Amélie Daoust-Boisvert – Le Devoir – 14 juin 2017
Les établissements de santé de Montréal et de Laval reportent à l’automne la possibilité de conclure un important contrat avec le privé pour des services à domicile. Un syndicat pourrait toutefois faire obstruction à la relance du processus d’appel d’offres.
Ils demandaient environ 1,5 million d’heures de services, ce qui aurait nécessité plus de 800 auxiliaires de santé et de services sociaux du privé. Mais les CISSS et CIUSSS de Laval et Montréal ont retiré cette demande de l’appel d’offres, dont le concours se terminait hier, mardi.
Sigma Santé, qui est responsable du processus, affirme que le volet impliquant les auxiliaires est reporté le temps de clarifier les exigences envers les fournisseurs.

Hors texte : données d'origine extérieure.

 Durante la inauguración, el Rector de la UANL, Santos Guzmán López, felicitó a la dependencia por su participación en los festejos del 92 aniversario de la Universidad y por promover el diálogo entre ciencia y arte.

Sans annuler complètement le processus, un addenda qui a été déposé sur le système électronique d’appel d’offres du gouvernement (SEAO) le 6 juin modifie le nombre d’heures sollicitées de près de 1,5 million à… 12 000.
Le directeur général de Sigma Santé, François Lemoyne, affirme que cette révision majeure n’a aucun lien avec la médiatisation du dossier. Il affirme que lors d’une rencontre d’information, le 16 mai, des fournisseurs se sont inquiétés qu’une clause puisse limiter la concurrence.

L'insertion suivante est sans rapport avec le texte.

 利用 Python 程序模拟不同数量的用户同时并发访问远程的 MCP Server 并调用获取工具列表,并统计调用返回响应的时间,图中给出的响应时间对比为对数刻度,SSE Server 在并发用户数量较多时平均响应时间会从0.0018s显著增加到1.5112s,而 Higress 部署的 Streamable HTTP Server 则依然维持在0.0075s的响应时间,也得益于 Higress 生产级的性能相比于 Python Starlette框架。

Le devis exige des fournisseurs qu’ils intègrent leur plateforme informatique à celle des établissements de santé. « Des fournisseurs disent “Nous n’avons pas ce système et nous sommes désavantagés”, explique M. Lemoyne. Il a été décidé de suspendre le temps de clarifier cet aspect. »
Selon lui, un nouvel appel d’offres devrait être lancé à l’automne.
Il n’y a eu « aucune intervention politique » dans ce dossier, assure-t-il.
Ni le ministère de la Santé et des Services sociaux (MSSS) ni les établissements n’ont souhaité commenter, renvoyant Le Devoir à Sigma Santé. « Le MSSS n’est pas intervenu concernant cet appel d’offres, pour lequel Sigma Santé est responsable », a fait savoir la responsable des communications Marie-Claude Lacasse.
Grief possible de la part d’un syndicat
Les établissements pourront-ils relancer le processus sans obstruction à l’automne ? C’est incertain alors que la Fédération de la santé et des services sociaux (FSSS-CSN) évalue si elle déposera un grief pour l’empêcher.
Le syndicat est fort d’une décision récente dans un dossier semblable. Il vient d’obtenir la suspension d’un appel d’offres pour 99 places en CHSLD privé.
Le 7 juin, l’arbitre François Hamelin a ordonné au CISSS des Laurentides de surseoir à l’adjudication d’un contrat pour la construction et l’exploitation d’un CHSLD privé sur une période de 20 ans à Rosemère. Selon l’arbitre Hamelin, la décision de solliciter le privé, qui est survenue sans consulter le syndicat au préalable, contrevient à la convention collective.
Lors des dernières négociations, les employés du réseau de la santé ont obtenu une clause, l’article 3.10 qui, avec l’article 29 déjà existant, stipule qu’avant de conclure un contrat avec le privé, un établissement de santé doit consulter le syndicat. Ce dernier doit pouvoir proposer une solution de rechange ou des modifications. « Sur un sujet aussi délicat et important que l’avenir des soins, une consultation préalable avec le syndicat est de nature à alimenter une discussion de fond sur les problèmes de main-d’oeuvre et à trouver des solutions viables pour l’employeur, le syndicat et surtout les personnes âgées à qui les soins sont destinés », écrit l’arbitre Hamelin dans sa décision.
« On ne se cachera pas que cette décision ouvre la voie pour des recours dans d’autres dossiers, dont celui des soins à domicile », dit le vice-président de la FSSS, Guy Laurion. Selon lui, c’est la première fois qu’un arbitre se prononce, dans le cadre d’un grief, à la fois sur les articles 3.10 et 29.
Le CISSS des Laurentides évalue la possibilité de faire appel de cette décision. L’établissement s’étonne que le syndicat ne se soit pas opposé à l’octroi d’un contrat pour un CHSLD à Saint-Jérôme, un « projet presque identique », souligne la responsable de communications Myriam Sabourin. Les démarches de la CSN causent un retard dans la construction du CHSLD de Rosemère, déplore-t-elle, ajoutant que « ce sera malheureusement la population qui nécessite ces services qui en subira les conséquences ».